## TASK REQUIREMENTS:
Every line from the one holding "Nunchaku made of" through the one holding "Young Bambi meets" in the data below must be returned exactly, both ends included, with pictures left out and nothing else added.

## SOURCE MATERIAL:
= Beginning of Section =
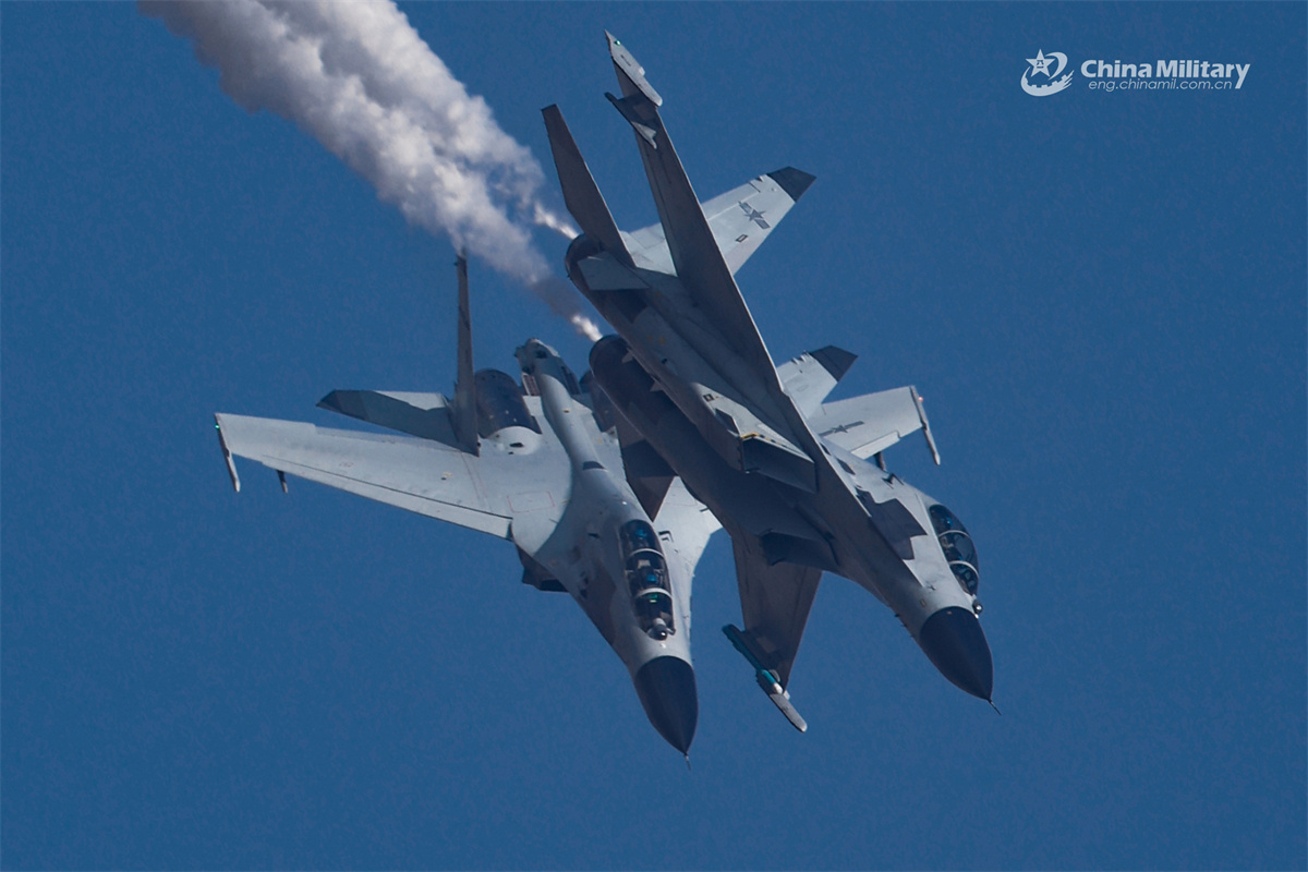 J-11BS fighter jets attached to a regiment under the Chinese PLA Naval Aviation University soar into the sky during a combat training exercise. (eng.chinamil.com.cn/Photo by Zhang Zhiguang)
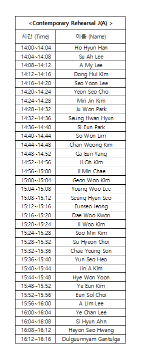 안녕하세요 코리아국제발레콩쿠르 사무국입니다주니어 A부문 세미파이널 리허설 시간을 공지드립니다.1. 참가자별로 공지된 리허설 시간 15분전까지 계당홀 로비를 통해 무대 하수쪽에서 대기해 주시기 바랍니다. 2. 공지된 리허설 시간에만 무대 사용이 가능하오니 이점 꼭 숙지하여 재시간에 와주시기 바랍니다.3. 참가자 외 1명만 무대 입장이 가능합니다.
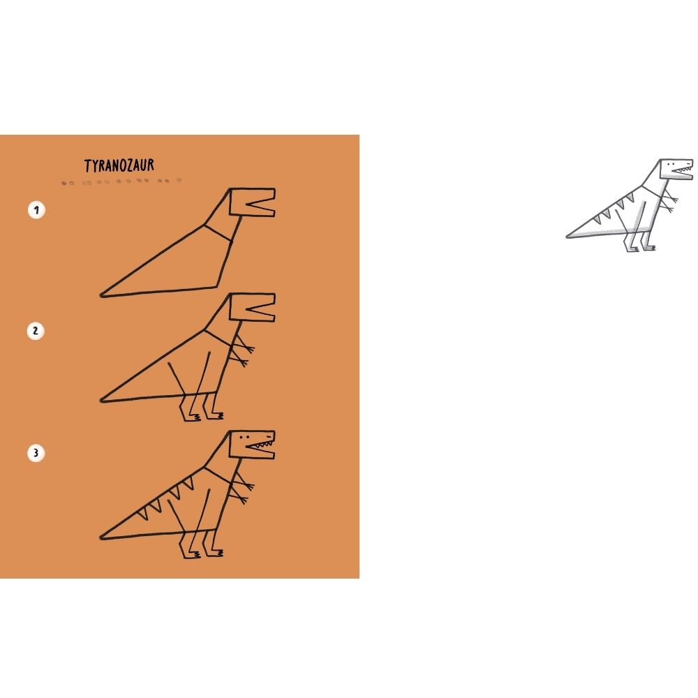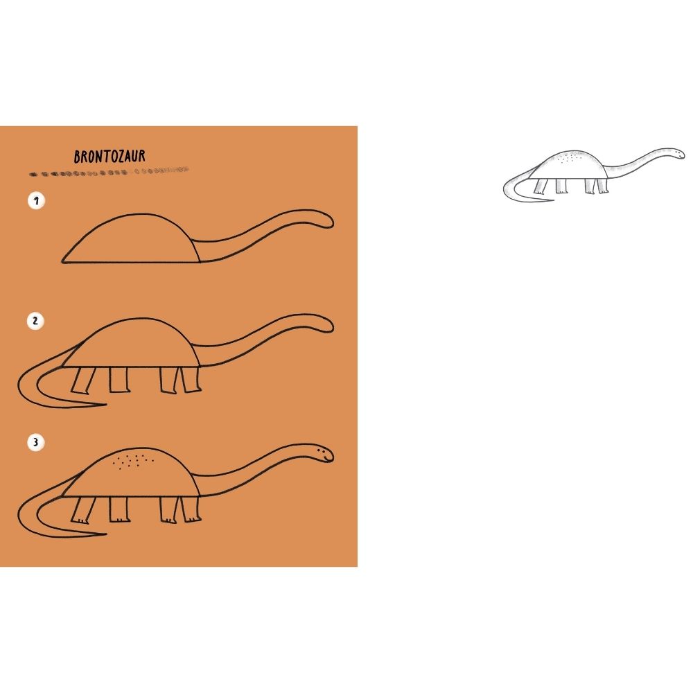 Kochasz rysować, ale masz wrażenie, że nie zawsze ci to wychodzi? Uwielbiasz dinozaury i inne prehistoryczne gady? Z tym zeszytem ćwiczeń w mig nauczysz się jak narysować tyranozaura, stegozaura, ichtiozaura czy iguanodona. Proste instrukcje pokażą ci, jak krok po kroku przy pomocy kilku ruchów ołówkiem czy flamastrem wyczarować legendarne stworzenia. Nie potrzebujesz nawet zeszytu, bo w książce zaplanowano specjalne miejsce na twoje szkice. Rysowanie to nie tylko świetna zabawa, ale także ćwiczenie cierpliwości i ręki, co ułatwia późniejszą naukę pisania.
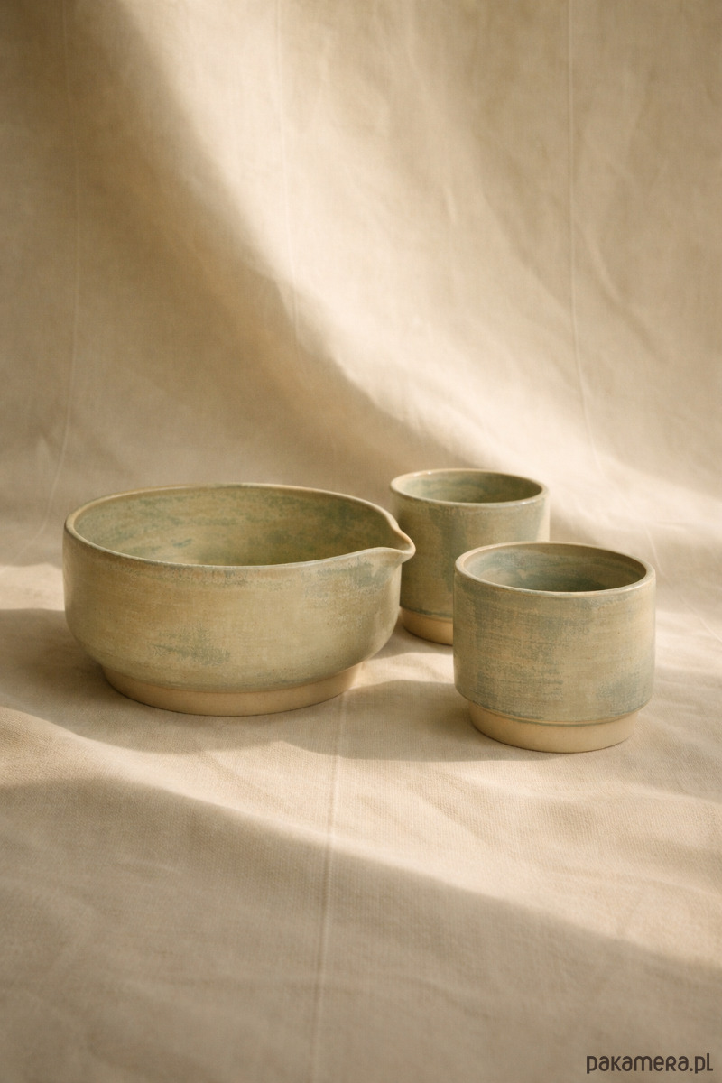 Ręcznie wykonany zestaw do matchy, stworzony z myślą o codziennym rytuale parzenia zielonej herbaty. Naczynia pokryte delikatnym szkliwem spożywczym w odcieniach zieleni i piasku, przywodzącym na myśl spokój natury. Można je bezpiecznie używać w zmywarce i mikrofalówce.
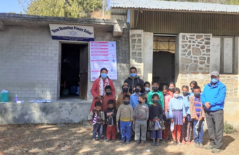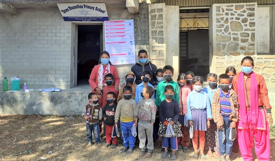 Covid-19 Awareness Plus Covid-19 Preventive Materials distribution Program at Shree Bhumethan Primary School, Chaurideurali-4, Dhuseni Shiwalaya. A thermal gun  and a sanitizer were provided to the school and total 35 students and teachers were given Masks.
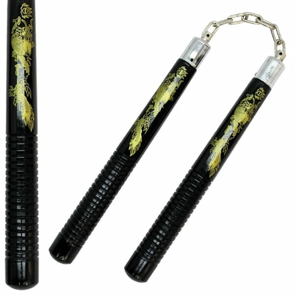 Nunchaku made of wood, with metal ball bearing chain. Colour black with Golden Dragon imprint. Grooves on handles for firm handling. Total length of handles on each side of nunchaku 12 inches, length of chain approx: 5.5 inches, diameter length approx: 1.2 inches. Best Seller As a Measure of safety and law why not store your Nunchaku in our deluxe nunchaku cases………………
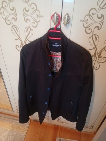 Brend: Climber Model: kişi gödəkcəsi/şənbə-cübbə tərzində, stend-yoqa yaxalıq - Rəng: tünd (qara/dənizçi mavisi tonunda), mavi düymələrlə - Material: nazik, gündəlik və yarım-klassik üsluba uy...
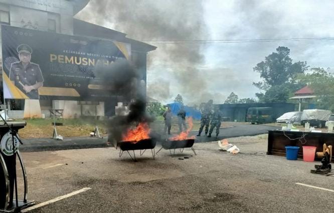 pemusnahan barang bukti ini dihadiri perwira penghubung Lutim, kepala Bea dan Cukai Malili, Asisten pembangunan, Kabag Kesra dan personil Kejaksaan negeri ,polres Luwu Timur dan sejumlah awak media.
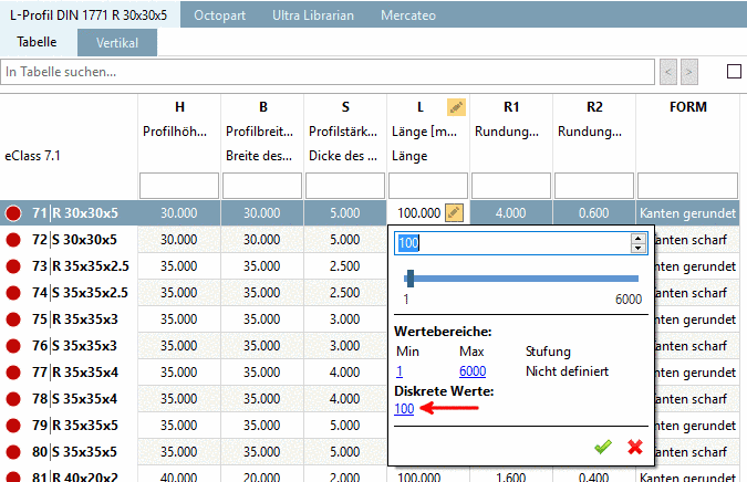 In PARTdataManager the value range is displayed under Value ranges, the default value under Discrete values in addition.
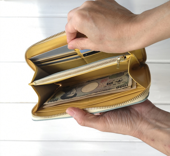☆こちらは受注生産の商品です。約30日後の発送となります。 *マチョッラ定番モデルの長財布。 パスポートもすっぽり、カードも12枚入り十分な収納力です。 キラキラと虹色に光る☆オーロラ加工をした牛革です。 しっかり厚みがあり柔らかな革です。 オーロラは加工上、模様の切り替え線がある場合がありますのでご了承くださいませ。 Instagramで動画が見れます☆ *中はピンク、コーラルレッド、イエロー、 ミントグリーン、オレンジ、カーキ、ベージュ、 ライトブルーの山羊革8色展開です。 お好きなカラーをお選び下さい。 ファスナーはそのままグレー生地で製作いたします。 ※画像のターコイズブルーご希望の方は備考欄に『ターコイズブルー希望』とご記入よろしくお願いします。 *フリンジと小さな鈴がついています。ファスナー部分のフリンジの有無はオプションで選べます。 ※天然素材の性質上、小さなキズがある場合があります。 サイズ:横約19.5センチ×縦約11センチ×マチ約2センチ 素材 : 表側 牛革ヌバック 内側 国産山羊革 ファスナーはシルバー金具になります。
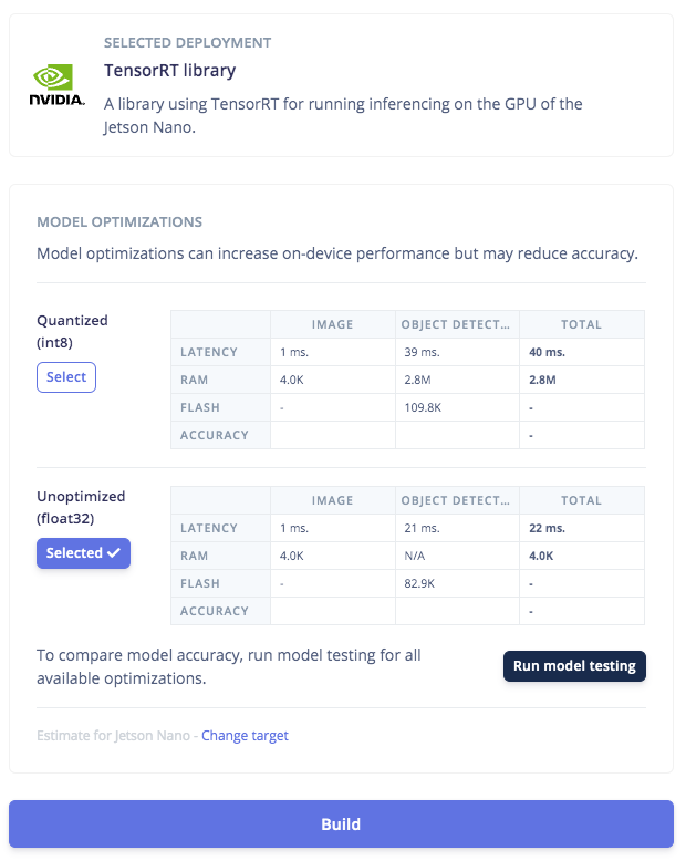 Click on the Deployment tab then search for TensorRT, then select Float32 and click Build. This will build an Nvidia TensorRT library for running inference, targeting the Jetson Nano’s GPU. Once the build finishes and the file is downloaded, open the.zip file, then we’re ready for model deployment with the Edge Impulse C++ SDK on the Jetson Nano side.
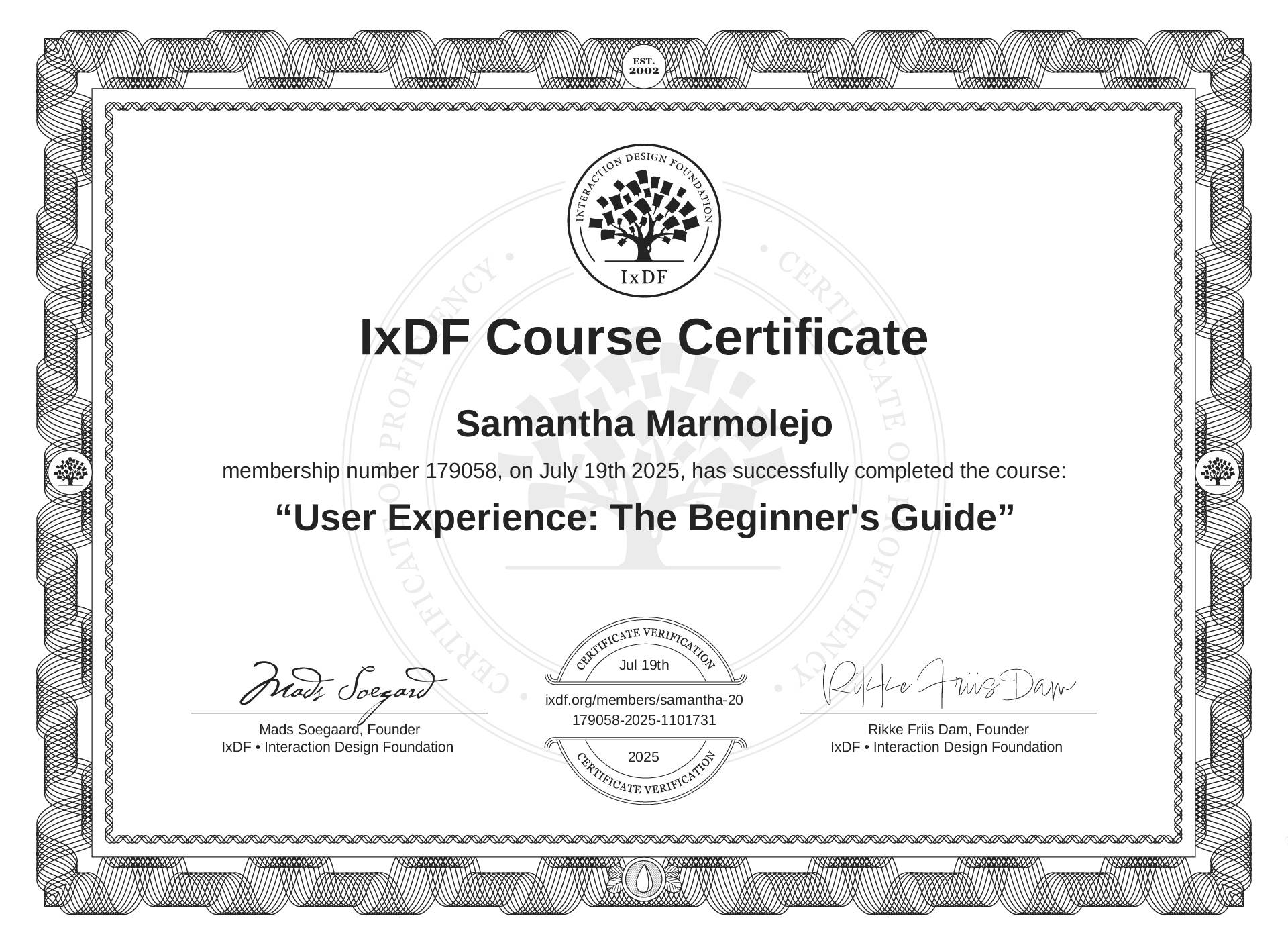 This IxDF Membership Certificate is issued to Samantha Marmolejo
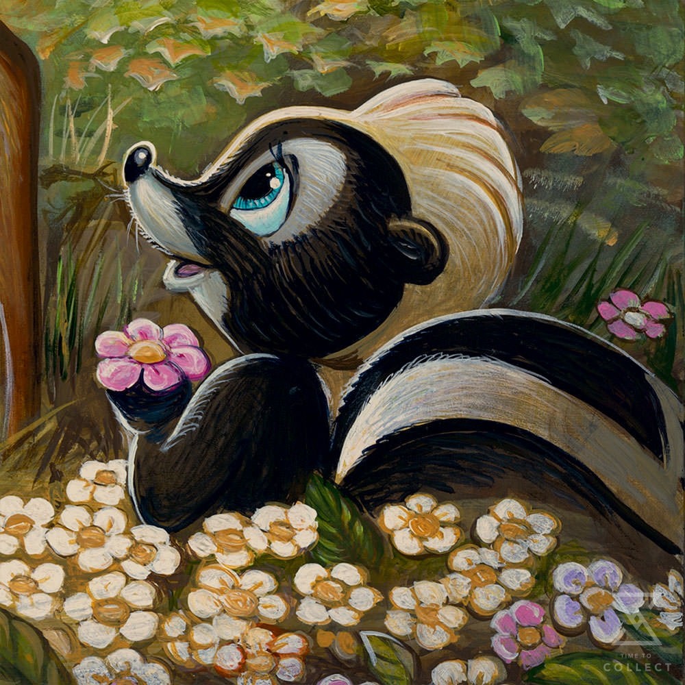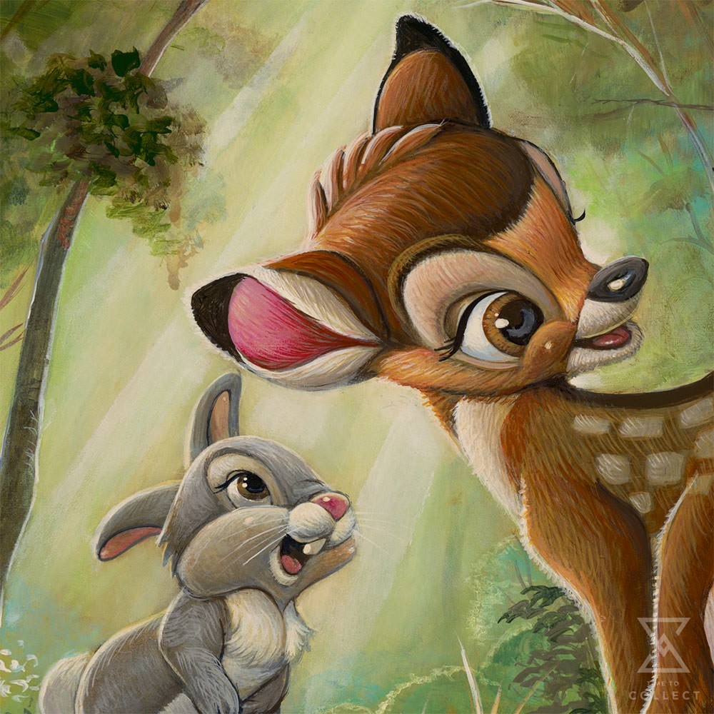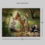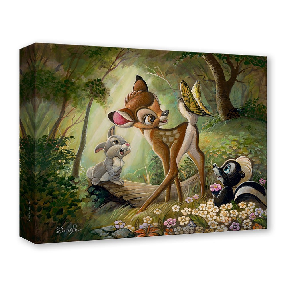 Young Bambi meets friendly woodland critters Thumper, Flower, and a sweetly curious butterfly in this Disney fine art print inspired by the 1942 animated classic Bambi. Each ready-to-hang gallery-wrapped canvas art print is part of Disney Fine Art’s ‘Treasures on Canvas’ collection, and includes a Certificate of Authenticity from a limited edition of 1500 pieces.
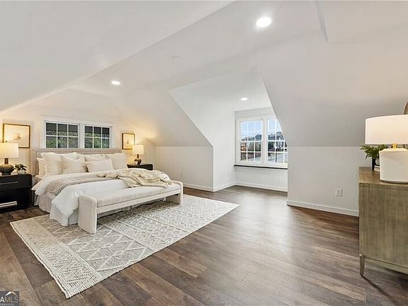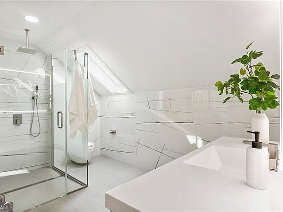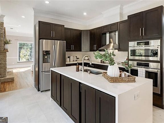 Welcome to this beautifully crafted modern cottage, where natural light and thoughtful design come together to create an inviting, livable elegance. The main level showcases a bright open-concept floor plan anchored by a stunning kitchen with quartz waterfall countertops, stainless steel appliances, a large island, and generous storage, including a walk-in pantry. The kitchen flows seamlessly into the spacious living room, where a wood-burning stone fireplace and expansive windows frame serene views of the surrounding landscape. Also on the main level are two bedrooms, a fully renovated bath with a zero-entry shower, a powder room, a sunny breakfast nook, and a conveniently located laundry room. Upstairs, the expansive primary suite offers a tranquil retreat with a private balcony overlooking the beautifully landscaped backyard and peaceful creek. The finished terrace level adds remarkable flexibility with a bedroom, full bath, and three versatile spaces ideal for a recreation room, secondary kitchen, home gym, or additional living area. From here, access the two-car garage featuring a pristine epoxy floor. Additional highlights include a freshly painted exterior, refinished hardwood flooring on the main level, and a brand-new aluminum fence enclosing the spacious backyard. An outdoor kitchen, patio, and fruit trees complete the peaceful setting, while a fully functioning well provides irrigation for the lush landscape. Situated on a large, level lot with both a circular front drive and a separate garage driveway, this property offers convenience and charm in equal measure. Zoned for top-rated schools and just minutes from Downtown Alpharetta, Crabapple, and major thoroughfares, it perfectly balances privacy and accessibility.
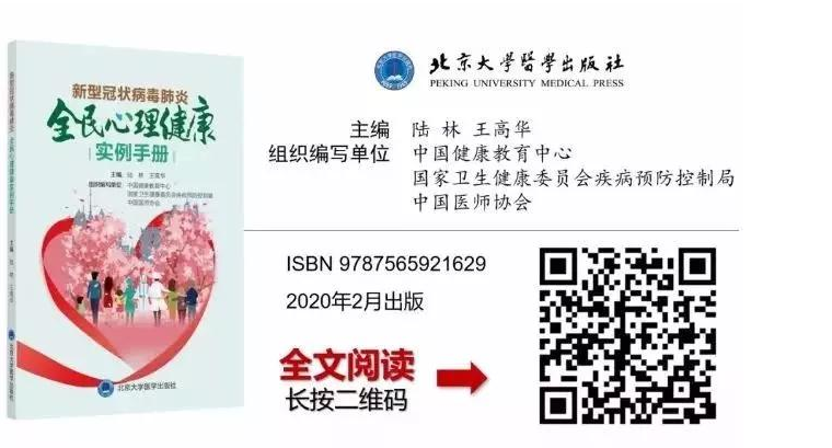 由北京大学第六医院陆林院士、武汉大学人民医院王高华院长主编,中国健康教育中心、国家卫生健康委员会疾病预防控制局、中国医师协会组织编写的《新型冠状病毒肺炎全民心理健康实例手册》由北京大学医学出版社正式出版,内容全面、系统,理论与实例相结合,满足疫情下不同民众群体的需求,给予权威心理防护与应对指导。
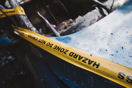 London | UK - 2021.06.12: An abandoned, stolen burnt out blue car parked on the sideway parking spotб tied with yellow do not cross stripe
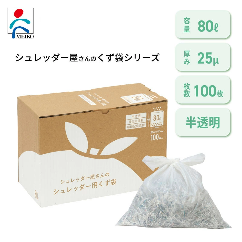 明光商会 80L シュレッダー専用ゴミ袋 ポリエチレン エコ素材 静電気抑制 破れにくい シュレッダー屋さんのくず袋 80L 10...
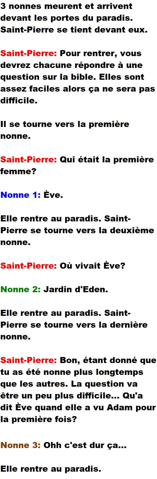 Blagues Québécoises3 nonnes doivent répondre à des questions pour rentrer au Paradis 👇 FAIS RIRE QUELQU'UN Facebook 15 Messenger WhatsApp Pinterest0
= End of Section =
## RESULT:
 Nunchaku made of wood, with metal ball bearing chain. Colour black with Golden Dragon imprint. Grooves on handles for firm handling. Total length of handles on each side of nunchaku 12 inches, length of chain approx: 5.5 inches, diameter length approx: 1.2 inches. Best Seller As a Measure of safety and law why not store your Nunchaku in our deluxe nunchaku cases………………
 Brend: Climber Model: kişi gödəkcəsi/şənbə-cübbə tərzində, stend-yoqa yaxalıq - Rəng: tünd (qara/dənizçi mavisi tonunda), mavi düymələrlə - Material: nazik, gündəlik və yarım-klassik üsluba uy...
 pemusnahan barang bukti ini dihadiri perwira penghubung Lutim, kepala Bea dan Cukai Malili, Asisten pembangunan, Kabag Kesra dan personil Kejaksaan negeri ,polres Luwu Timur dan sejumlah awak media.
 In PARTdataManager the value range is displayed under Value ranges, the default value under Discrete values in addition.
☆こちらは受注生産の商品です。約30日後の発送となります。 *マチョッラ定番モデルの長財布。 パスポートもすっぽり、カードも12枚入り十分な収納力です。 キラキラと虹色に光る☆オーロラ加工をした牛革です。 しっかり厚みがあり柔らかな革です。 オーロラは加工上、模様の切り替え線がある場合がありますのでご了承くださいませ。 Instagramで動画が見れます☆ *中はピンク、コーラルレッド、イエロー、 ミントグリーン、オレンジ、カーキ、ベージュ、 ライトブルーの山羊革8色展開です。 お好きなカラーをお選び下さい。 ファスナーはそのままグレー生地で製作いたします。 ※画像のターコイズブルーご希望の方は備考欄に『ターコイズブルー希望』とご記入よろしくお願いします。 *フリンジと小さな鈴がついています。ファスナー部分のフリンジの有無はオプションで選べます。 ※天然素材の性質上、小さなキズがある場合があります。 サイズ:横約19.5センチ×縦約11センチ×マチ約2センチ 素材 : 表側 牛革ヌバック 内側 国産山羊革 ファスナーはシルバー金具になります。
 Click on the Deployment tab then search for TensorRT, then select Float32 and click Build. This will build an Nvidia TensorRT library for running inference, targeting the Jetson Nano’s GPU. Once the build finishes and the file is downloaded, open the.zip file, then we’re ready for model deployment with the Edge Impulse C++ SDK on the Jetson Nano side.
 This IxDF Membership Certificate is issued to Samantha Marmolejo
 Young Bambi meets friendly woodland critters Thumper, Flower, and a sweetly curious butterfly in this Disney fine art print inspired by the 1942 animated classic Bambi. Each ready-to-hang gallery-wrapped canvas art print is part of Disney Fine Art’s ‘Treasures on Canvas’ collection, and includes a Certificate of Authenticity from a limited edition of 1500 pieces.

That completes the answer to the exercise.